Stored entries:
=== Begin Enclosure ===

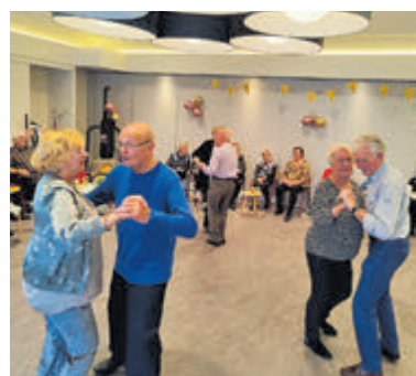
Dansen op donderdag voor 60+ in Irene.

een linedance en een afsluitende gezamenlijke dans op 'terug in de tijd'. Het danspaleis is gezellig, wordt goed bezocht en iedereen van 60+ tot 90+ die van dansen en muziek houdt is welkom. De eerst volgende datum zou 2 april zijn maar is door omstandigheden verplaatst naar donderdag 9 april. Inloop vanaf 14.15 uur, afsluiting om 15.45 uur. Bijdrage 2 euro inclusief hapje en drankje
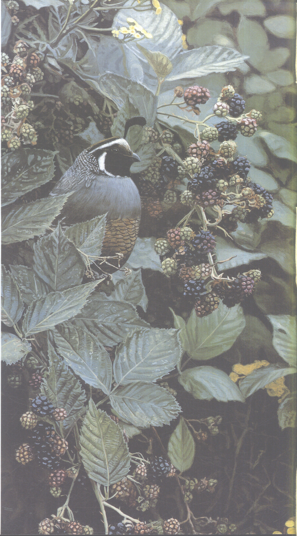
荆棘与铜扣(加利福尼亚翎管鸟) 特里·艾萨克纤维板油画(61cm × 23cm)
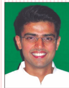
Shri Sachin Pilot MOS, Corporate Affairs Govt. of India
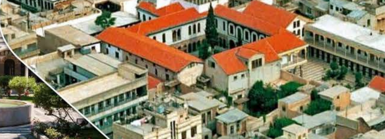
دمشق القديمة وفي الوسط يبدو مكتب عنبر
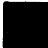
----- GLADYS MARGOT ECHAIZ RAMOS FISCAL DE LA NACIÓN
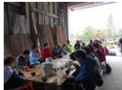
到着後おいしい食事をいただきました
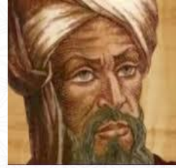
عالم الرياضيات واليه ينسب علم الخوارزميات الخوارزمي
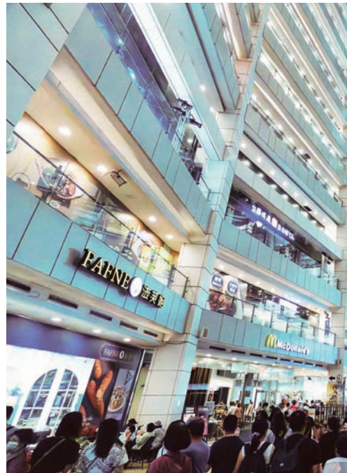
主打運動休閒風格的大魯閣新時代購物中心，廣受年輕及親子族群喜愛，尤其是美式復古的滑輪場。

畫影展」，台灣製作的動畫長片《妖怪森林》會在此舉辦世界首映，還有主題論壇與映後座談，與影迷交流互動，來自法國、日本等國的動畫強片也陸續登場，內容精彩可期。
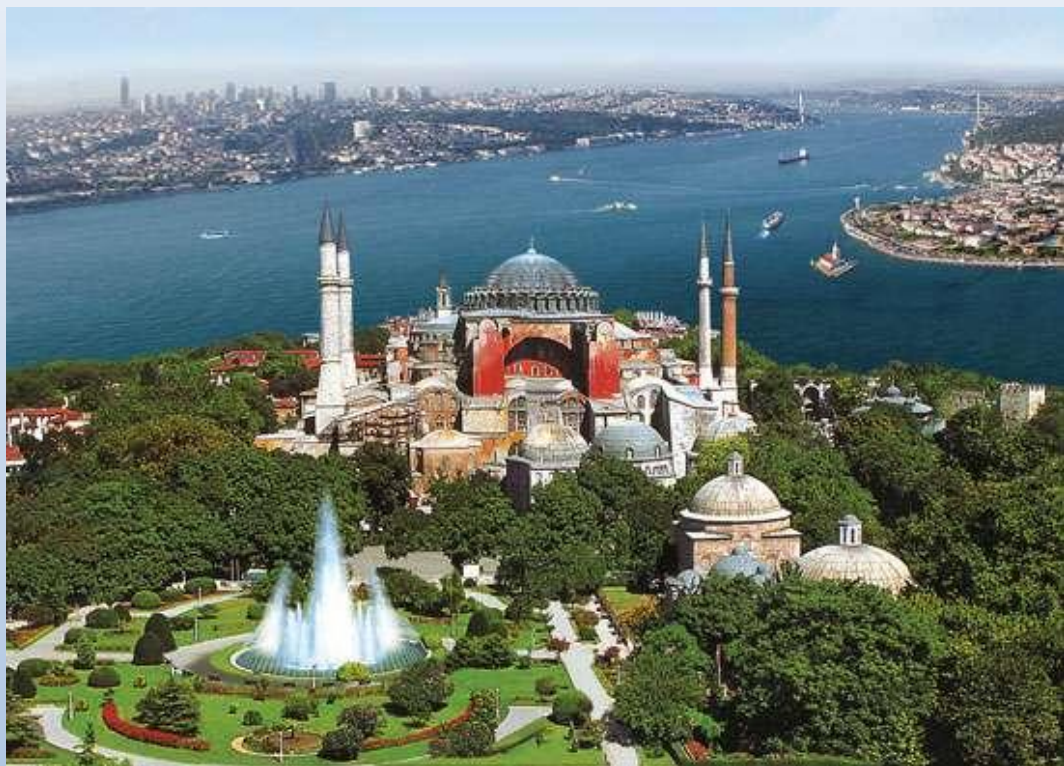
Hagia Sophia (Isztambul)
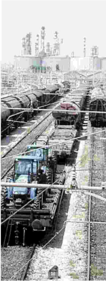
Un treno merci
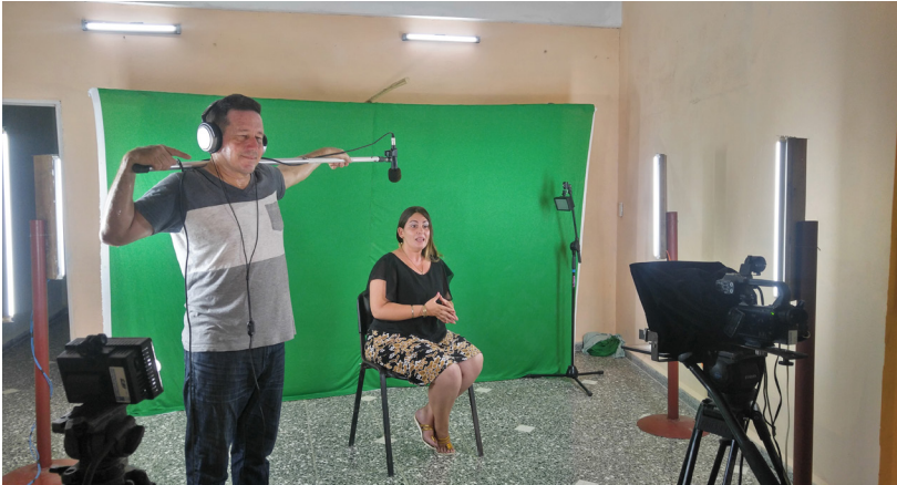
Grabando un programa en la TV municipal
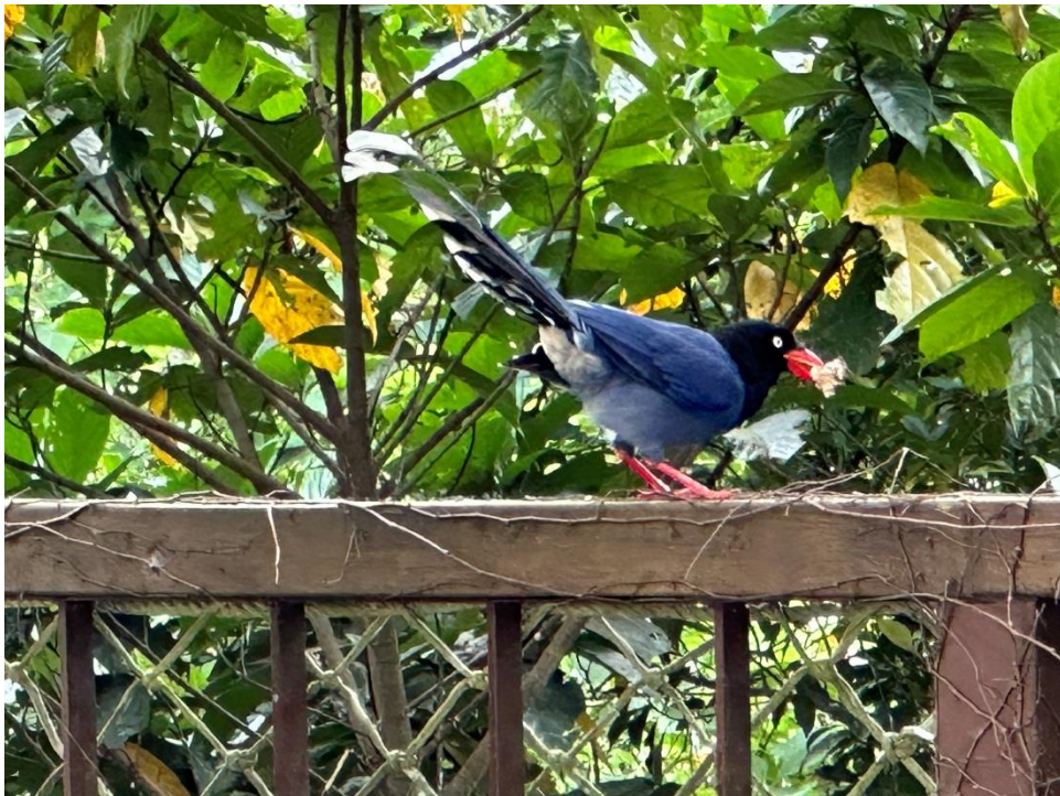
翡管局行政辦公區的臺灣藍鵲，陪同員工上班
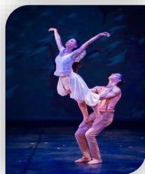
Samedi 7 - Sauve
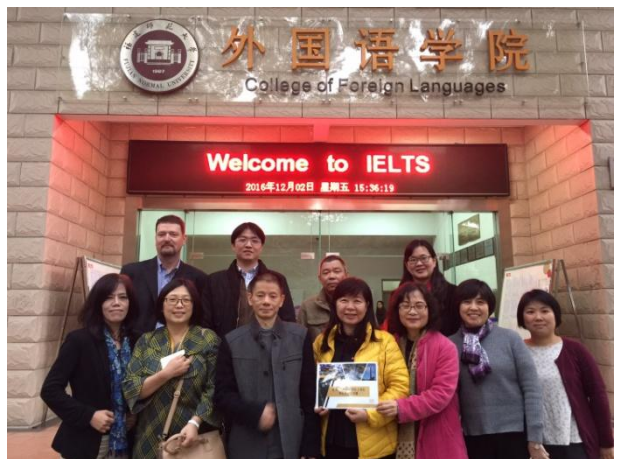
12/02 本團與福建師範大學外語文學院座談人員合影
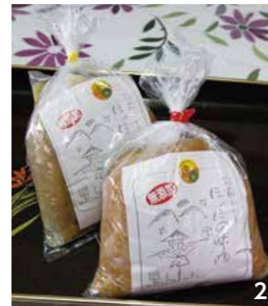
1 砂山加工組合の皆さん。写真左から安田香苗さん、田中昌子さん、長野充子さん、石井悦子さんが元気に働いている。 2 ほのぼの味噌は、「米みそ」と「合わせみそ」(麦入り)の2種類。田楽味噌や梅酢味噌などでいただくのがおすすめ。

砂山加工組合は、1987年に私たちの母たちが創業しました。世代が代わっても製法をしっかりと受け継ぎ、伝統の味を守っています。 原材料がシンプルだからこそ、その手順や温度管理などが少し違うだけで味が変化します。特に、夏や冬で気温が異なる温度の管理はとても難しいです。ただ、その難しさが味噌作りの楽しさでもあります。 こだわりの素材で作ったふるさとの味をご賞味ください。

=== End Enclosure ===

# Your goal
Look through the entries above; find each line with the word "donderdag" and copy it.

# Response to this task
Dansen op donderdag voor 60+ in Irene.
een linedance en een afsluitende gezamenlijke dans op 'terug in de tijd'. Het danspaleis is gezellig, wordt goed bezocht en iedereen van 60+ tot 90+ die van dansen en muziek houdt is welkom. De eerst volgende datum zou 2 april zijn maar is door omstandigheden verplaatst naar donderdag 9 april. Inloop vanaf 14.15 uur, afsluiting om 15.45 uur. Bijdrage 2 euro inclusief hapje en drankje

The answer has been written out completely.